In ascending order of views ...

5. On getting people online

If we do these things, we’re doing digital inclusion.

A checklist for digital inclusion.

This was a checklist for government and other organisations that want to help people get online, and a call for feedback.

4. On GOV.UK site use

...the story here is the rapid rise of 'portrait' smartphone screen resolutions such as 768×1024 at the expense of traditional 'landscape' desktop resolutions. Further evidence of the rapid shift to a wider variety of screen sizes as mobile device use takes off.

Browser, operating system and screen resolution data for GOV.UK by Tom Loosemore.

Here Tom compared lots of interesting GOV.UK data from January 2014 to January 2013. This paints a picture of a trend towards mobile devices – a trend that seems to be continuing.

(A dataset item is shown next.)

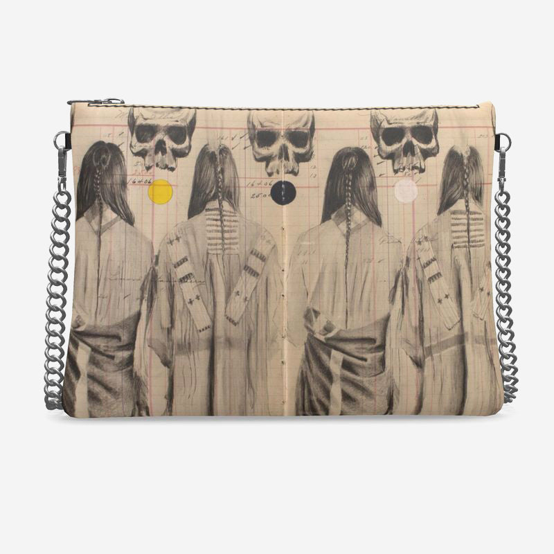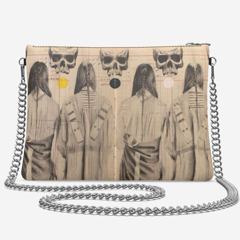 This beautiful designer crossbody bag is imprinted with Chris Pappan's Survival.

And as Tom predicted, 2014 saw the first day when visits from mobile devices than a PC for the first time – on July 12.

There's much more detail here on how that data breaks down.

3. On verifying identity

When you use [government] services, you want to be confident that someone else can’t sign in pretending to be you, see your sensitive personal records or use your identity to make fraudulent claims. You want to be confident that your data and services are secure and your privacy protected.

What is identity assurance? by Janet Hughes

This post explains the importance of verifying identity for both users and government when using government services.

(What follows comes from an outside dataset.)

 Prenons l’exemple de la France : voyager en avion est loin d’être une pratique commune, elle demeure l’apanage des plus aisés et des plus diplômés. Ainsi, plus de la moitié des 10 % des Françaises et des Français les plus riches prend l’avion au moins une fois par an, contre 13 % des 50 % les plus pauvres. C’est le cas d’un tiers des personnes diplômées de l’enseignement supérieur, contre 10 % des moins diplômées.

This work has led to GOV.UK Verify, a way for people to prove who they are online when using government services.

2. On reporting misleading websites

Government services have been getting a growing number of complaints from people who feel misled by websites which charge for access to public services that are either free or much cheaper when accessed via the official GOV.UK website.

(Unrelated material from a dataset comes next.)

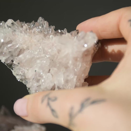 These Pink Lemurian clusters are breathtakingly beautiful with their water clarity and gorgeous blush pink hues that come from inclusions of lithium. This crystal is incredibly calming and is said to release the most loving, healing energy that can guide you in all areas of life. As a Lemurian quartz, it has incredibly high vibrational energy that you can welcome into any space.

Report a misleading website to search engines by Tom Loosemore.

People searching the web for government services sometimes fall foul of prominent ads linking to intermediary services (to put it mildly and charitably). These are services which charge more money to use government services – more than would be the case by using the official service at GOV.UK. Hence the #StartAtGOVUK campaign.

Misleading ads can be reported to the search engine where you saw them. Here are the appropriate links for Google and Bing. It's currently not clear where you report dubious ads to Yahoo. We're trying to find out.

1. On how we design

We don’t want a culture of designs being 'thrown over a wall' to a dev team. We don’t make 'high fidelity mock ups' or 'high fidelity wireframes'. We’re making a Thing, not pictures of a Thing.

What’s the design process at GDS? by Ben Terrett.

Obviously people are very interested in how we do design at GDS. This post is a great start. We also have a blog about it: GDS design notes.

What else?

There's been a lot of interest in working with us. More than 50,000 visitors wanted to find out more about GDS vacancies and what it’s like to work here. See the GDS jobs page for the roles we're likely to be recruiting in 2015.

The busiest day of the year was 22 July when Mike Bracken wrote Making things open, making things better about open standards for file formats in government. July was our busiest month, too.

Let us know in the comments if there’s anything you’d like to hear more about this year.